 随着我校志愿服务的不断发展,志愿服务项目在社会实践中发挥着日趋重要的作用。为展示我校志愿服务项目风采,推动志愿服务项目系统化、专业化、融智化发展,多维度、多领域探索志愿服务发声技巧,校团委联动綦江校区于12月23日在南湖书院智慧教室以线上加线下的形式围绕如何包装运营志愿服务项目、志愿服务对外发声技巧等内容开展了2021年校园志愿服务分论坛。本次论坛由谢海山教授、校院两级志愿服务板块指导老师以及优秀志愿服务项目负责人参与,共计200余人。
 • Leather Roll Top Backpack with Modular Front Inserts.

--

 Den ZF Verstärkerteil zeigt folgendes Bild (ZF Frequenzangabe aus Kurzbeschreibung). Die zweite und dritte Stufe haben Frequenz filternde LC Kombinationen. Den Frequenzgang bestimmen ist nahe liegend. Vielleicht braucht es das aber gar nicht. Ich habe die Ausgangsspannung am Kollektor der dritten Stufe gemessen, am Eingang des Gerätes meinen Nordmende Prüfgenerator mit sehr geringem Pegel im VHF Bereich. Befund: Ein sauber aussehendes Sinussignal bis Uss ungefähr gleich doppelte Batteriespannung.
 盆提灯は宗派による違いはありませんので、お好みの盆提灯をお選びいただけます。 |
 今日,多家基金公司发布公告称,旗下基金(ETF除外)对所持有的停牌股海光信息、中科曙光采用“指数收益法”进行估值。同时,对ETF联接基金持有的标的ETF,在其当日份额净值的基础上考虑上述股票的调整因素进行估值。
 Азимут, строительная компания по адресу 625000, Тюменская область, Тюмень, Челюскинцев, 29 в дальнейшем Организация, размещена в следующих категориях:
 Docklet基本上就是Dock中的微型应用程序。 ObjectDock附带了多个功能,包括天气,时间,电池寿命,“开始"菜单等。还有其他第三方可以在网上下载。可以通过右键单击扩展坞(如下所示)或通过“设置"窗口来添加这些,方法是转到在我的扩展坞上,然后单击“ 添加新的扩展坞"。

Task to complete ::
Find the line with "Den ZF Verstärkerteil" in the entries above. Retype it and each line after it, exactly, through the line with "Азимут, строительная компания", and stop there.

Result ::
 Den ZF Verstärkerteil zeigt folgendes Bild (ZF Frequenzangabe aus Kurzbeschreibung). Die zweite und dritte Stufe haben Frequenz filternde LC Kombinationen. Den Frequenzgang bestimmen ist nahe liegend. Vielleicht braucht es das aber gar nicht. Ich habe die Ausgangsspannung am Kollektor der dritten Stufe gemessen, am Eingang des Gerätes meinen Nordmende Prüfgenerator mit sehr geringem Pegel im VHF Bereich. Befund: Ein sauber aussehendes Sinussignal bis Uss ungefähr gleich doppelte Batteriespannung.
 盆提灯は宗派による違いはありませんので、お好みの盆提灯をお選びいただけます。 |
 今日,多家基金公司发布公告称,旗下基金(ETF除外)对所持有的停牌股海光信息、中科曙光采用“指数收益法”进行估值。同时,对ETF联接基金持有的标的ETF,在其当日份额净值的基础上考虑上述股票的调整因素进行估值。
 Азимут, строительная компания по адресу 625000, Тюменская область, Тюмень, Челюскинцев, 29 в дальнейшем Организация, размещена в следующих категориях:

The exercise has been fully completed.